19
Non-Invasive Assessment of
Liver Fibrosis by Vibration-Controlled
Transient Elastography (Fibroscan®)
Sandrin Laurent1, Oudry Jennifer1, Bastard Cécile1,
Fournier Céline1, Miette Véronique1 and Mueller Sebastian2
1Echosens,
2University of Heidelberg,
1France
2Germany
1. Introduction
Chronic liver diseases result in fibrosis ultimately leading to cirrhosis, a liver end stage
disease with high mortality and life threatening complications such as hepatocellular
carcinoma. Thus far, no treatment options exist to cure and stop fibrosis progression except
organ replacement by liver transplantation. This clinically unsatisfactory situation justifies
the enormous interest in quantifying and monitoring fibrosis progression. Though liver
biopsy remains the gold standard for assessing liver fibrosis, non invasive procedures are
being developed for many years to overcome its complications (Bravo et al. 2001), sampling
error and interobserver variability (Abdi et al. 1979; Bedossa et al. 2003; Cadranel et al.

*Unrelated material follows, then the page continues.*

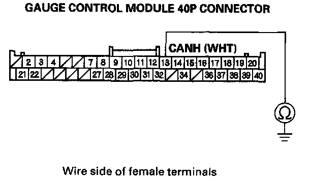 13. Check for continuity between gauge control module 40P connector terminal No. 12 and body ground.

2001). Fibrosis and activity marker scores based on several blood parameters from a simple
blood test have been developed to assess liver fibrosis and activity as obtained by liver
biopsy Many efforts have been invested to identify serum markers that allow the diagnosis
of cirrhosis from simple blood tests (Poynard et al. 2004). However those scores are indirect
and reflect the fibrogenetic activity. Thus they do not correlate with the absolute amount of
fibrotic tissue within the liver.
It is now well established that fibrosis increases liver stiffness. Liver palpation (Fig. 1) is a
routine medical practice that has been used since the beginning of medicine to assess liver
stiffness. Though, palpation suffers from major limitations: it is highly subjective, very
operator dependent and sometimes even impossible to perform. Recently, quantitative
elastography emerged as a means to assess liver fibrosis non-invasively. Nowadays
Vibration-Controlled Transient Elastography (VCTE™) is by far the most clinically
validated quantitative elastography technique and VCTE™ based device, Fibroscan®
(Echosens, France), has emerged as the reference tool for liver stiffness measurement. As a
fact, Fibroscan® is more and more used in routine clinical practice as an alternative method
to liver biopsy in patients with chronic liver diseases.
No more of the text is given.